When you see the title of this article, you might think: "Why must I learn the differences between the porquês? Their rules are so complex and their pronunciation is exactly the same!”


Yes, you’re right. When you’re in a conversation, all of them are pronounced exactly the same (if they are used in a question, the intonation can be different, but the pronunciation is still the same). But, remember that’s it’s very important to know the differences when you hear these words in a phrase because you need to recognize what the speaker wants to express. Sometimes, you need to understand ideas through the context. This task can be easier if you know the four porquês well.


Now, what if you need to write? If you don't pay attention to these differences, you might express the wrong idea.


For example, you’re sending a message to your Brazilian friend and you write this: Pare de escrever por que está me atrapalhando. This phrase is wrong. But, as you are just in an informal conversation with your friend using your smartphone, you really don’t pay attention. But, your friend may now need to guess what happened:


1) You correctly wrote, por que (two words), but went wrong in the punctuation while trying to write a question, because Pare de escrever. Por que está me atrapalhando? means: “Stop writing. Why are you disturbing me?”


2) You went wrong when you wrote porque (one word) while trying to write an affirmation,  because Pare de escrever, por que está me atrapalhando means: “Stop writing because you are disturbing me.” 


Obviously, these are not good examples of how to be polite with friends.


But, you might think: “C’mon this is not such a big deal. My friend knows how hard it is to use the porquês, and knows I’m still learning. And, anyway, the differences in the meanings between por que and porque are not so big.”


Yes, even native Portuguese speakers have trouble with the porquês.  Also, in the majority of situations, when you make a mistake, the main idea of the phrase is clear enough through the context.


But, the situation can be more serious if you’re writing a formal email in your new job in Portugal.  For example, when you make a mistake using porquês in Portuguese, it’s like writing in English “You are at home?”  instead of “Are you home?” This is definitely something you want to avoid.


I hope, at this point, I have convinced you that although Porque, Por quê, Porque and Porquê have related meanings, they are not interchangeable, and it’s very important to respect these rules. So, let's remember in which situations you can use each one:


Por que (two words, no accent)


This is a combination of the preposition por and the interrogative pronoun que. It has two uses: It can be used as "Whereby" in the affirmative, and it can be used as "Why" for interrogatives.



Por que você não aceitou meu convite?  (Why didn’t you accept my invitation?)

Não sei por que não gosto de bananas. (I don’t know why I don’t like bananas.)

Por que ele foi embora?  (Why did he leave?)

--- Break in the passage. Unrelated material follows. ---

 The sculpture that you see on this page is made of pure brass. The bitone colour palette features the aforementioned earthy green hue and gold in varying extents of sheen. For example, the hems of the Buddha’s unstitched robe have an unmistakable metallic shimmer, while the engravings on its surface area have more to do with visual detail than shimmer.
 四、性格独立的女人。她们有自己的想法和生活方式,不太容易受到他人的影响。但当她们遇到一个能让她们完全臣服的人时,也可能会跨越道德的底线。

Por quê (two words and accent)


This has the same meaning as por que. But it always comes at the end of the phrase before the punctuation.



Por quê? (Why?)

Você sabe bem por quê. (You know why.)

Usar luvas, por quê? (Use gloves, why?)


Porque (one word, no accent)


This is a conjunction used as an explanation. The meaning is similar to "because.”



Não fui ao cinema porque eu tenho que trabalhar. (I didn’t go to the cinema because I had to work.) 

Não fume porque vai te prejudicar. (Don’t smoke because it will hurt you.)

Chegue cedo, porque não jantamos tarde. (Get there early because we don’t have dinner late.)


Porquê (one word and accent)


This is a noun and its translation is "the reason.”  It must follow an article, pronoun, adjective or number.



Diga-me um porquê para não fazer isso. (Tell me a reason to not do this.)

Não sabemos o porquê de ela ter agido assim. (We don’t know the reason for her acting like that.)

Existem dois porquês que justificam seu comportamento. (There are two reasons that explain your behavior.)